Miss Silver coughed delicately.

“Mrs. Tote will not swear that the person she saw in the court was Mr. Oakley.”

She sustained the full impact of a formidable frown.

“She heard Carroll address him as Oakley-she’ll swear to that.”

“That is not quite the same thing. Mr. Carroll may have been mistaken. In fact the final point you so skilfully elicited from Mrs. Tote confirms Mr. Oakley’s story. He explains his presence in the court by saying that he thought someone was calling him and hastened in the direction from which he believed the sound to come.”

Lamb gave a short annoyed laugh.

“And isn’t that just what he had to say? Carroll has shouted his name-anyone may have heard him. He’s got to put some kind of a gloss on it, so he uses it to account for his going round to that side of the house.”

With his frowning gaze upon Miss Silver, he was struck by the birdlike quality of her regard, the head a little on one side, the eyes very bright. He had seen her look like that before, and it meant something. In fact, the bird with its eye on a highly promising worm.

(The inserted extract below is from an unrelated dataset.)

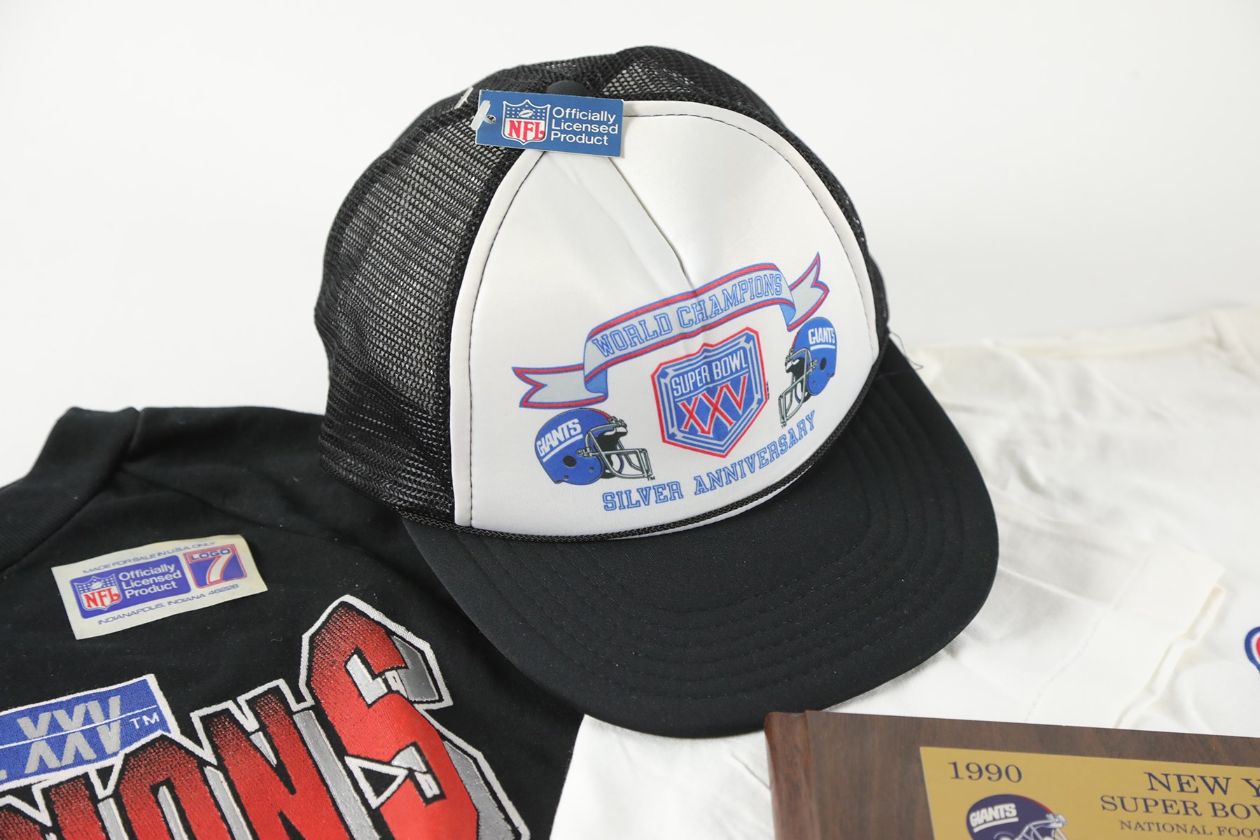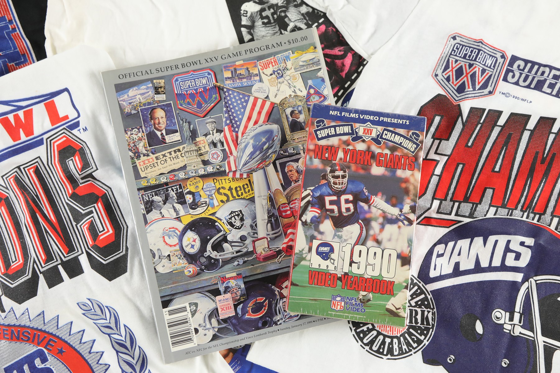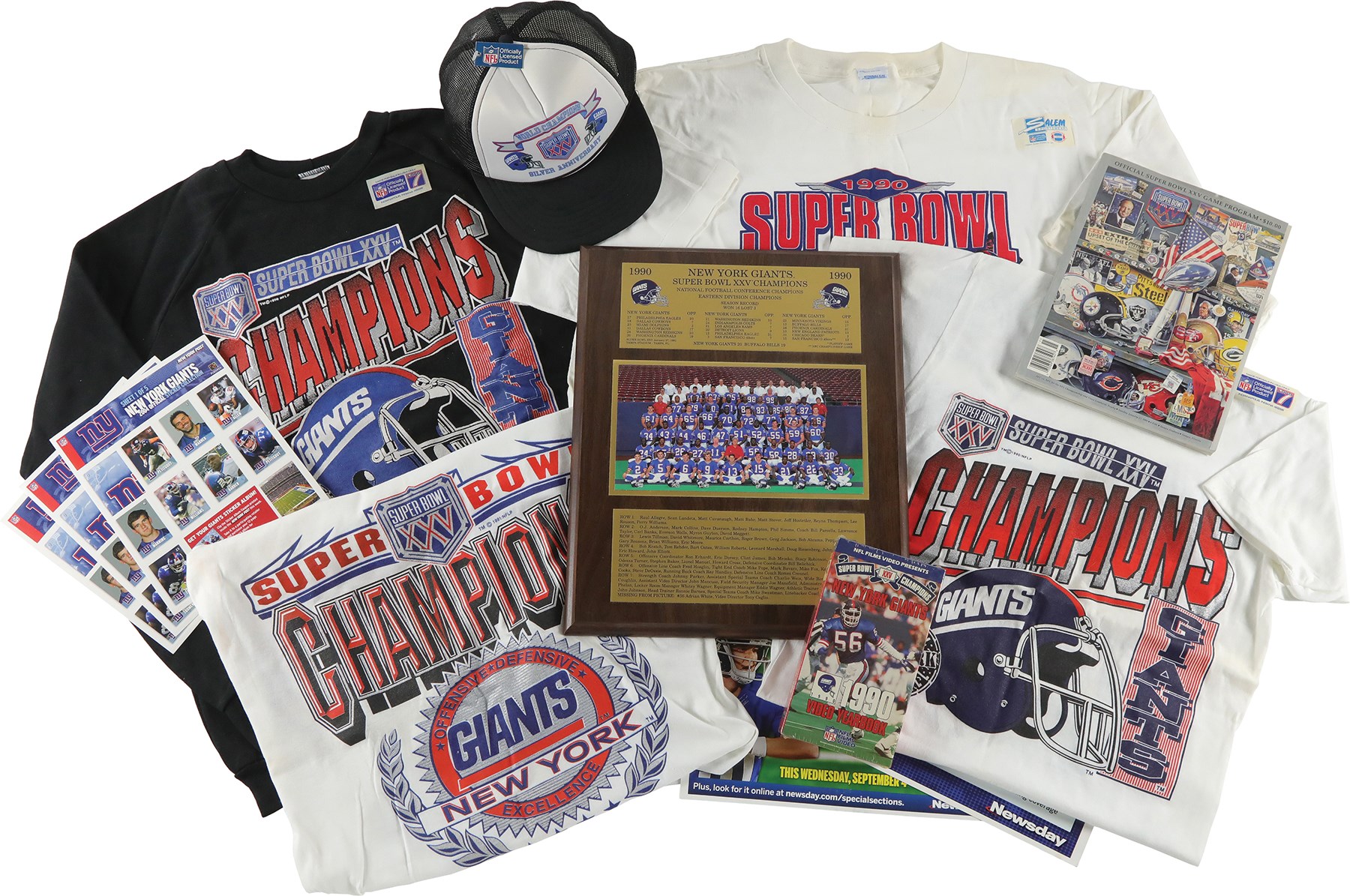 Presented is a New York Giants Super Bowl memorabilia lot. Included is the following: Super Bowl XXV wooden plaque with team photo (13x16"), Super Bowl XXV game program, Super Bowl XXV World Champions hat, Super Bowl XXV Champions VHS tape (sealed), Super Bowl XXV size large sweatshirt, 2 Super Bowl XXV short-sleeve size large t-shirts, 1 Super Bowl XXV size XXL short-sleeve t-shirt, 2004 Giants sticker collection, and three 8.75x11.75" Newsday newspaper advertisements featuring Eli Manning.

“If I might just put that question to Mr. Pearson, Chief Inspector-”

“It won’t keep?”

“I believe not.”

He jerked round in his chair.

“Ring, Frank!”

Pearson came in all agog. His nerves had received a severe shock, but he was being a good deal buoyed up by the fact that it was entirely due to his zeal that the police had arrived in time to arrest the murderer upon the very scene of his crime. That the circumstances of this case would provide him with the most interesting reminiscences, he was already aware. But this solace could not entirely prevent a nostalgic yearning for a future in which two murders would have become merely the subject of a tale. As he was subsequently to put it to his wife, “It’s all very well when it’s a has-been as you might say, but very upsetting to the nerves when it’s going on and you don’t know who’s going to be the next corpse.” Since murders do not commonly take place in the presence of two police officers, to say nothing of one of them being a Chief Inspector, he found the study a very comfortable place, and would have been quite willing to stay there all night.

Miss Silver’s words were therefore rather a disappointment.

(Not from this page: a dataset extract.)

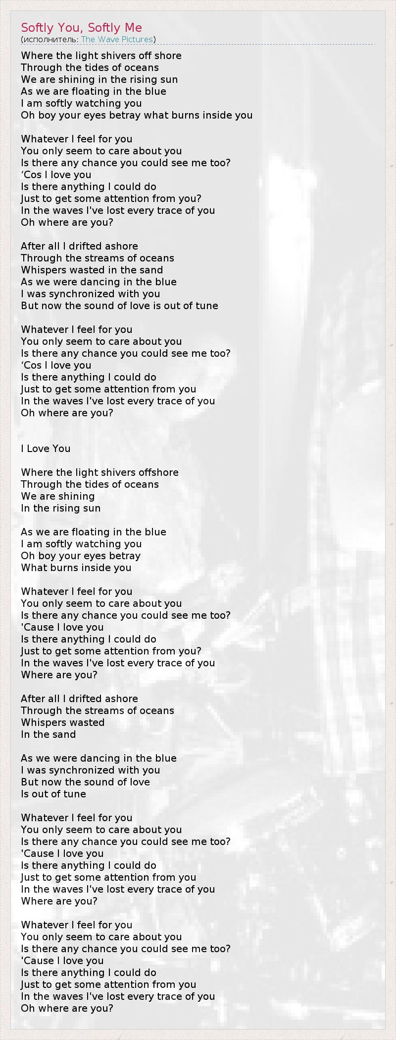 А как ты думаешь, о чем песня "Softly You, Softly Me" ?
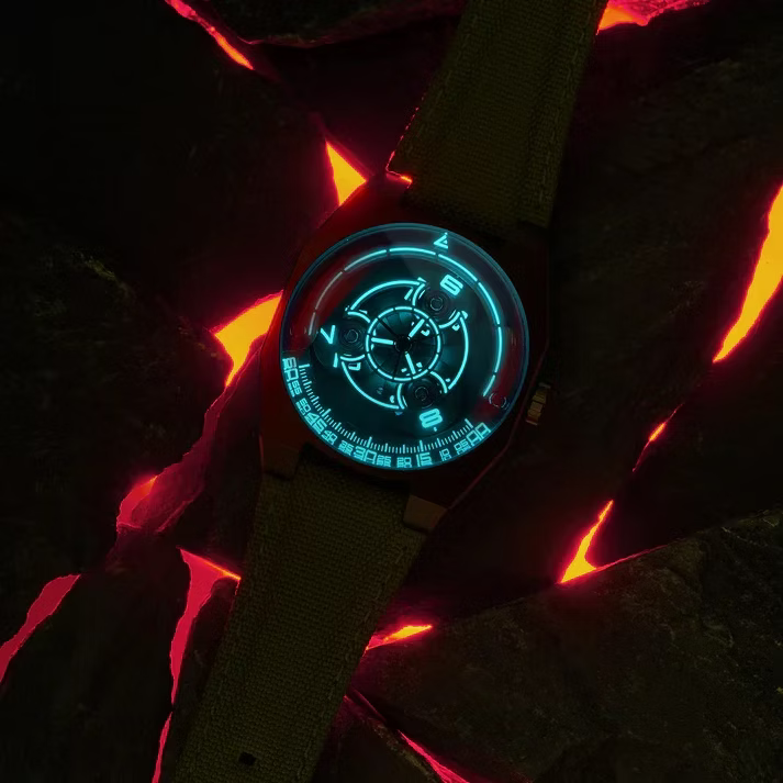 - Wijzerplaat: Geanodiseerde aluminium flens en schijven met een Côtes de Genève-motief. Cijfers, minuten en indexen bedekt met lume.

“I only want to ask you one question, Mr. Pearson.”

He assumed the butler.

“Yes, madam?”

“When you came through the hall after locking up, did you put any wood on the fire?”

If anyone had been watching Frank Abbott he would have been observed to start.

“Oh, no, madam-I shouldn’t do that.”

“So I supposed. Did you notice the condition of the fire?”

“It is part of my duty to do so, as you might say. I wouldn’t go upstairs and leave a big fire, or anything that might fall out.”

“And the fire was low?”

“Three or four bits lying flat and quite charred through.”

“And you have put no wood on since?”

“Oh, no, madam.”

“Or anyone else?”

“No one has had the opportunity-not since the alarm was given.”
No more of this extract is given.